The SEC has been nothing but a lap-dog for Wall Street for years.  Everybody who gives a rat’s ass about this issue already knows that.  The current head of the SEC, Mary Jo White, was the chief legal defense bull-dog for Jamie Dimon and JP Morgan at Debevoise &  Plimpton.   Putting her in charge of the SEC is the equivalent of putting a serially convicted pedophile in charge of Kindercare.

Does anyone remember when Obama put that 29 yr. old kid from Goldman Sachs  in charge of the enforcement division of the SEC?   Good job Barack.   And then it was revealed that many SEC rank and file spent more time surfing porn than doing their job.  Again, Mr.
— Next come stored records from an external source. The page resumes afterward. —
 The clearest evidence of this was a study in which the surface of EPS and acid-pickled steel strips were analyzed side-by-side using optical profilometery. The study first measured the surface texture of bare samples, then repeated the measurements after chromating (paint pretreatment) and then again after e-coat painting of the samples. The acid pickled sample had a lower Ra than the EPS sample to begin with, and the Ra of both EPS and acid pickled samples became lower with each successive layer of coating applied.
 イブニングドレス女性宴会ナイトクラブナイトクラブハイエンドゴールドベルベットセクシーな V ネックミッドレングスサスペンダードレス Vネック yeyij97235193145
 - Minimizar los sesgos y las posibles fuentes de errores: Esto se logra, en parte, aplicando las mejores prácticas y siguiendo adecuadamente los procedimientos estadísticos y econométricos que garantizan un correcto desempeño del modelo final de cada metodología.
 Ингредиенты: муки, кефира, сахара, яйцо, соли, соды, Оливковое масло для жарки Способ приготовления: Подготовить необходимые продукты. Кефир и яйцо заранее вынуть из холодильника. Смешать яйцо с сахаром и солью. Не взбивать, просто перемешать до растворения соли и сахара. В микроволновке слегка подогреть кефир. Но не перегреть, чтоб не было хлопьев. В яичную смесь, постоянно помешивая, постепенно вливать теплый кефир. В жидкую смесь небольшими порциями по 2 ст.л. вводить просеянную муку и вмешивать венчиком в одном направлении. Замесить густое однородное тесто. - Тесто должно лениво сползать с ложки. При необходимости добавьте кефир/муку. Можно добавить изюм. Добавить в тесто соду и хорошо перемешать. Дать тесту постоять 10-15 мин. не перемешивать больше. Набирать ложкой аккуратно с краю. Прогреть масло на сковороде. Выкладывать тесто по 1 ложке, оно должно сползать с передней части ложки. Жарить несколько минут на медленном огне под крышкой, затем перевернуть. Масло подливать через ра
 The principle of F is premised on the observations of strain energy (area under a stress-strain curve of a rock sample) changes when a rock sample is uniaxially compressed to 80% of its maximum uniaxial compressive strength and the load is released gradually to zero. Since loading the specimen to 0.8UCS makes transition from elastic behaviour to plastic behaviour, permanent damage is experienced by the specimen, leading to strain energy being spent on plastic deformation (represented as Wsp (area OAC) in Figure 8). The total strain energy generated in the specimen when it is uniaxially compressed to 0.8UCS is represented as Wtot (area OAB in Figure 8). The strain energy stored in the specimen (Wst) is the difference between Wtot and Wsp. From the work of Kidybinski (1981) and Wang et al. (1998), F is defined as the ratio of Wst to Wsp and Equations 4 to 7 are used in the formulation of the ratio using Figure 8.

Kidney there didn’t exactly invent plutonium with his newest revelations.

I was discussing today’s press release with a colleague, who was happy that the issue was getting media attention.  But I had to point out that a Bloomberg news report is only seen by an audience that already knows that the SEC is useless in its enforcement duties.  In fact, the SEC enables Wall Street’s fraud and corruption.

Most of the country probably is aware that our entire system is deeply corrupt.  But the interest in news and truth for the majority does not go beyond missing planes or the marital status of Hollywood starlets.

The truth is our system is rotten to the core and the marriage between Wall Street, corporate America and the Government is nothing more than the natural life-cycle of a collapsing system.

The only lesson we’ve learned from history is that we don’t learn the lessons of history.